Being a broadcast executive is like doing comedy: It's all in the timing. So it was either funny or tragic that the CBC rolled out a long-awaited new vision for itself on Thursday that aims to fundamentally disrupt much of what the public broadcaster does: Titled A Space for Us All, the new strategy will see CBC shift from making content primarily for TV and radio, to focus instead on the mobile and digital platforms where viewers and readers are spending more of their time.

This came, alas, only one week after The New Yorker published a bracing take-down by Jill Lepore of the cult of disruptive innovation that has taken hold of so many of the world's boardrooms.

And at the company-wide town hall where CBC staff received the news, some sounded as if they wanted to permanently disrupt their own bosses.

These days, all the cool kids are disrupting themselves: If you don't do it, goes the mantra, somebody else will. Like a disaster movie, the media landscape is full of disruption and upheaval: On Monday, Bell Media, which owns the CTV network and dozens of specialty TV channels, announced it will cut 120 jobs in its Toronto television operations this summer because of "financial pressure" in its advertising- and subscription-based services. (Its parent company owns 15 per cent of the Globe.)

And earlier this month, Rogers Media, which has lost tens of millions on its City TV network in recent years, hinted that the reason it is going all-in on live hockey is that the old prime-time broadcast model – of trying to sell ads against expensive, imported American shows – was broken, and beyond its ability to repair.

CBC says it will "privilege content" by getting out of the activities it believes aren't at the core of its mandate: It will, for example, try to sell a chunk of its real estate, so it can be a fleet-footed tenant instead of a lumbering landlord. And it will cut other administrative costs. Many media companies have made similar moves, shedding heavy functions like so many winter sweaters: Some newspapers I could mention, for example, now contract out their printing and delivery. (Heck, some even contract out copy editing and the layout of their pages.)

CBC will also, most contentiously, get out of the business of producing its own content, except for news, current affairs and radio.

It's all part of what executives kept referring to, during both the town hall and during a follow-up conference call with reporters, as a shift from being "the public producer to the public multiplatform broadcaster." (This tag was used so often on Thursday, it seems to be a replacement for the old "modern public broadcaster.")

Still, disrupting yourself is tough, and the CBC's staff, who have watched 657 of their colleagues get pink-slipped because of a $130-million cut announced in April, were noticeably tetchy during the town hall.
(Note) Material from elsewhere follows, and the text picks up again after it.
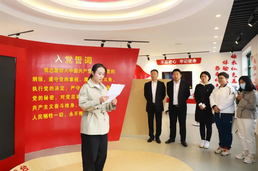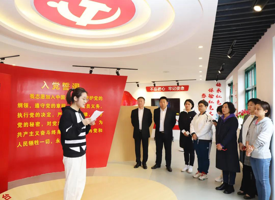 入党誓词,是党员对党和人民做出的庄严承诺。全体党员和入党积极分子面对鲜红党旗,右手握拳,一字一句许下了铮铮誓言。
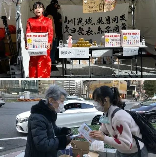 上图是2月8日,在日本东京池袋,日本旗袍女孩为武汉募捐(新华社发);下图是2月20日,在日本名古屋车站附近,在日华人华侨向行人发放口罩(活动举办方供图)。

More than one staff member challenged their president and CEO, Hubert Lacroix, to quit in protest of what they believe is the federal government's willful neglect. (He refused.) Another hammered on Heather Conway, who has been the head of CBC's English-language services for less than seven months, for seeming gleeful in telling a reporter a few weeks ago that more job cuts were coming. (Conway disputed the characterization.)
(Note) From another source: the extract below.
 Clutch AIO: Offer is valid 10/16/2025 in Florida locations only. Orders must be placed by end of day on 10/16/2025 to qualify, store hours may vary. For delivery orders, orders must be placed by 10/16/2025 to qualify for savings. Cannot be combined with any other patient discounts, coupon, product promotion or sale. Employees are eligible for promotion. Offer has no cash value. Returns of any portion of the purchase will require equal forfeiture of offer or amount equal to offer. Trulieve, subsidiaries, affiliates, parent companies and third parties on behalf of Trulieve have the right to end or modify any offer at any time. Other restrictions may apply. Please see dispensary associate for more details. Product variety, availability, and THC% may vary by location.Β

The cuts embedded in the new strategy will mean up to 1,500 jobs – 20 per cent of the current staff – disappearing by 2020. About 500 will go over the next 12 to 15 months. Within five years, Lacroix pledged, "We're going to be focused, smaller, mobile – and more relevant." He spoke of making the CBC more agile and scalable – the idea being that it can expand and contract as needs arise.

Clearly, CBC needs to shake things up. On the one hand, it doesn't get nearly enough credit for what it does well: Its Radio One service is not just acclaimed but also popular; Radio-Canada remains central to the discussion in Quebec; the Northern services are essential; and in the East, local CBC-TV stations are pillars of their communities. (For that matter, in New Brunswick, they are the only real competition to the Irving family's Brunswick News operations.)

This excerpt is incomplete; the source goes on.